Managers’ inertia is attributed to a combination of continuing uncertainty around SFDR, awaited guidelines from regulator ESMA on fund naming, and a lack of clear commercial advantage to report under Article 9.
The European Commission is preparing a review of the regulation, expected later this year, and the final version of ESMA guidelines on ESG and sustainability terms in fund names is also due in the autumn. Both moves could have major implications for the classification of funds.
For DWS, which downgraded a number of its active Article 9 funds and 10 Paris-aligned Benchmark ETFs, the current decision is to stay at Article 8. Dennis Hänsel, global head of ESG advisory, told Responsible Investor it was partly “due to the fact that we did not observe a huge change in flows due to the conversion”.

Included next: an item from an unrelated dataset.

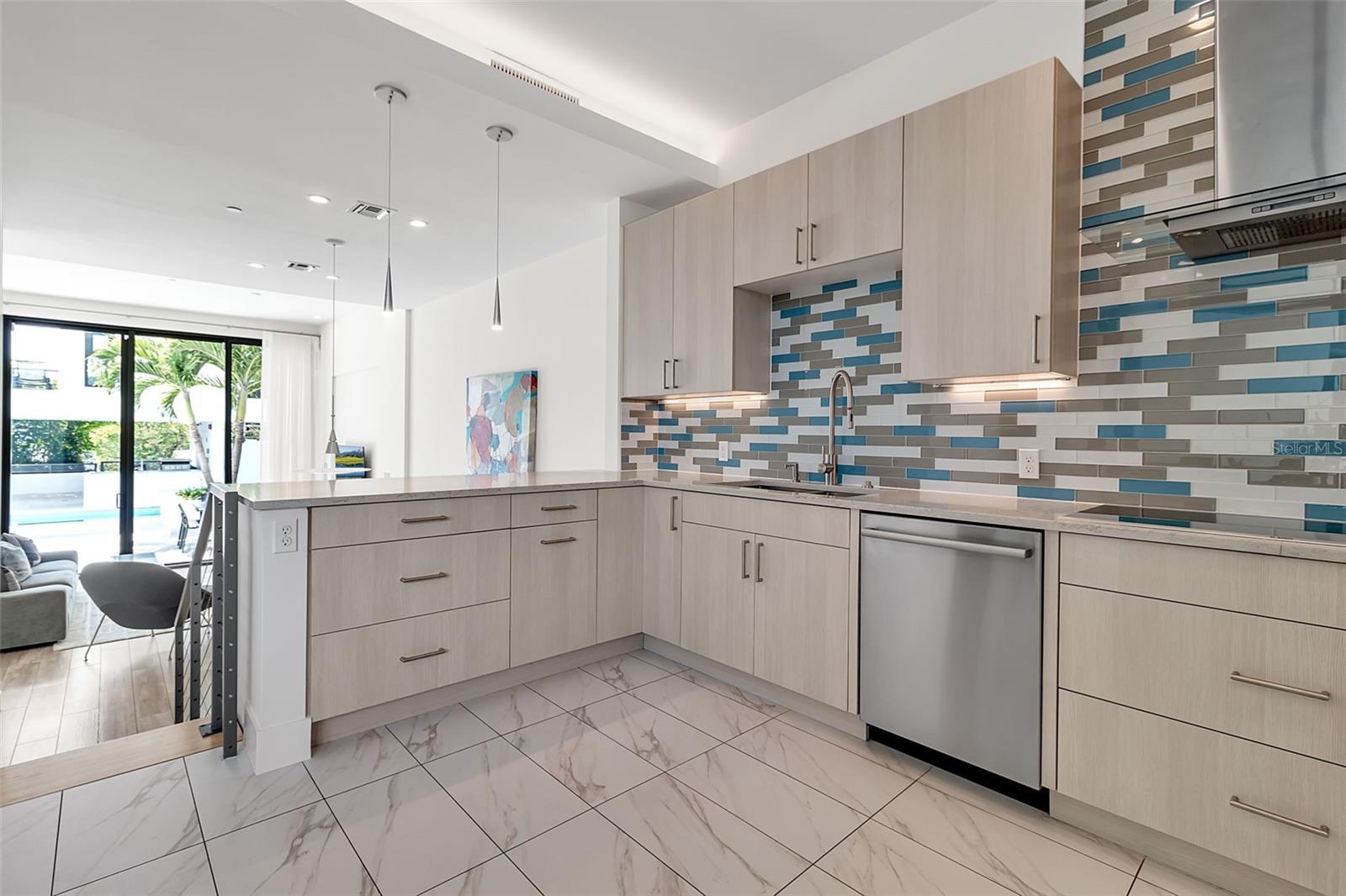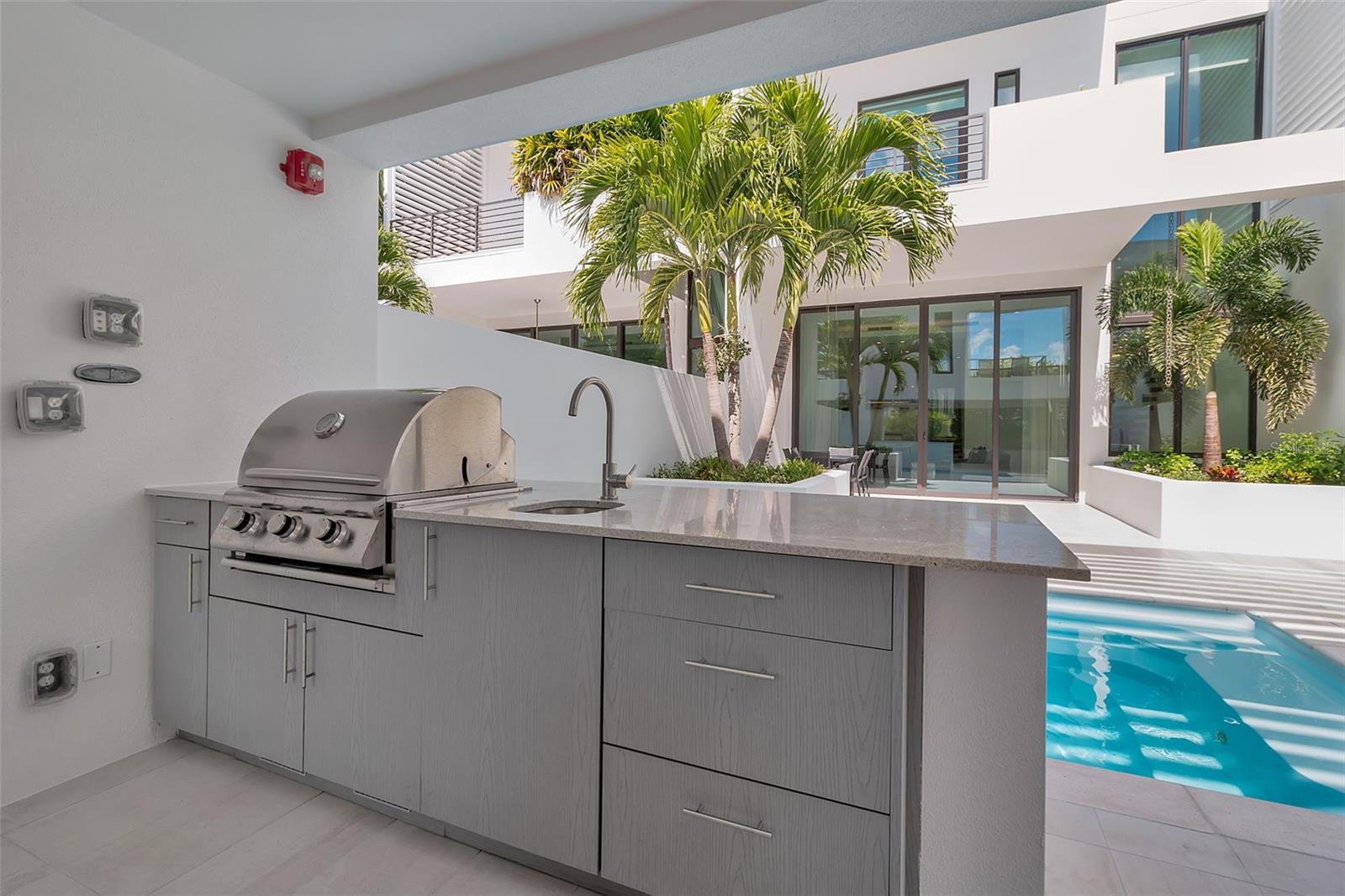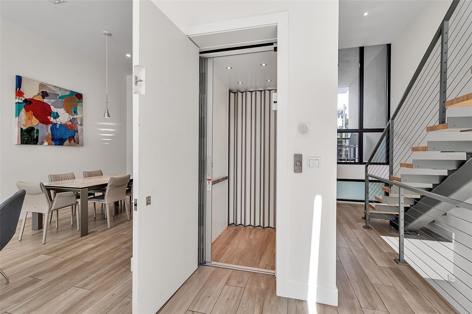 Anchored in Sarasota's vibrant Rosemary District, a hub of art, dining, and design just steps from downtown, this contemporary three-story residence captures the essence of urban coastal living. Defined by its clean architectural lines, striking white faade, and geometric precision, it offers a rare balance of privacy and proximity in one of Sarasota's most walkable neighborhoods. A sleek iron-and-glass entry framed by textured tile sets the tone for what's inside: light, volume, and effortless connection to the outdoors. The floating staircase, with open risers and maple treads, becomes a sculptural centerpiece beneath ceilings that soar up to 13 feet. A three-stop elevator ensures convenience from the ground-level garage to the uppermost terrace. The main living level unfolds with gallery-like openness, a seamless blend of style and function. The sleek kitchen, featuring quartz countertops, premium stainless-steel appliances, and clean-lined cabinetry, overlooks the dining and great room. The open living space is complete with expansive sliders open directly to the courtyard and its tranquil Zen pool, where the rhythm of water and greenery softens the modern form. With its summer kitchen, fire table, and covered dining terrace, the home transitions effortlessly from quiet mornings to lively evenings. Upstairs, the primary suite feels like a retreat, complete with a glass-framed balcony, spa-inspired bath, and thoughtful details that invite calm. Two additional guest rooms, one that is currently used as an office, mirror the home's minimalist aesthetic and abundant natural light. A private guest casita, accessible from the courtyard, expands the home's flexibility. With a kitchenette, full bath, and its own balcony, it's ideal for visitors, another primary suite or a fitness space, all with the independence of a separate entry. Constructed of concrete and steel with impact-rated glass, every element underscores quality and low-maintenance design, perfect for those seeking the ease of a lock-and-leave lifestyle. Positioned in Sarasota's coveted Rosemary District, one of Sarasota's most walkable neighborhoods, this residence places the best of the city just outside your door. Stroll to downtown dining, art galleries, live music, and cultural venues, or stop by the weekly Sarasota Farmers Market. Boutique shops, theaters, and cafs line the nearby streets, while the beaches, the John Ringling Bridge, St. Armand's Circle, and Sarasota Bay are only minutes away. With convenient access to Sarasota Bradenton International Airport, this address perfectly blends urban luxury, outdoor living, and strong architectural design, offering a downtown modernism that feels both refined and deeply livable.

The possible reclassification of active funds will wait “until it’s clear what is happening”, he said, adding that DWS still has concerns about Paris-aligned and Climate Transition Benchmarks. The manager bases its share of sustainable investments in a fund around company activity, and its PABs and CTBs have a figure around 25 or 30 percent.
Hänsel said it was a “little odd”, then, that the threshold in ESMA’s consultation was 50 percent.
Raza Naeem, a partner in Linklaters’ financial regulation team, said that while the status of PABs and CTBs is more settled than that of active funds, investors may still want to see what SFDR looks like before making another move. Too many changes could pose a credibility issue, he added.
In Naeem’s experience, there is also relatively little commercial benefit to reporting under Article 9.
“Clients have generally been wanting Article 8 or 9, although there has been more limited interest in Article 9 specifically,” he said. “That said, some investors do want Article 9 and certain managers have appetite for them to support their ESG strategies. Generally investor feedback seems to be equal happiness with either Article 8 or 9.”
Diab disagreed slightly. While the relatively undifferentiated mass of Article 8 funds means there is unlikely to be a commercial advantage in that area, she said, “I do think Article 9 has a commercial relative attractiveness”.
“This is where funds labelled as Article 9 need to demonstrate processes, transparency and alignment to commitments because that’s where the scrutiny will be first,” she added.
Article 8 aches
While the Article 9 space has quietened down for the moment, there is still some unease in the market around Article 8 funds. The latter currently account for around $6 trillion in assets and a significant proportion of funds by number in the European market report against Article 8.
Article 8 continues to serve as a “catch-all everything and nothing” category for sustainable funds, Diab said. “I don’t know how a client or investor can make an informed decision, or how Article 8 can give them an indication of the quality of the fund or for the strategy they’re seeking.”
Some funds offer Paris-aligned solutions, others are “robust” ESG funds, and then there are some money market funds in the category, she added.
Given regulatory scrutiny of sustainable funds, and the incoming ESMA guidance, Diab echoed predictions that some managers may ditch the category entirely.
“I would expect more Article 8 downgrades in the future,” she said. “I think it would be helpful for the EU Commission to address the uncertainty around Article 8 in the upcoming review of SFDR.”
Asked whether Article 9 funds currently sitting at Article 8 presented a “green hushing” risk, Naeem said there was still a level of transparency.
“If you’re an Article 8 product, you’re still disclosing under SFDR. Therefore you aren’t getting rid of transparency, you’re being clear on your commitments and promises but you may not feel comfortable taking on that level of Article 9-related risk.
“From a commercial and marketing perspective, I think there is more caution because of the focus on greenwashing. Firms should be able to say they’re not comfortable taking on that level of regulatory risk or the compliance implications that Article 9 funds require.”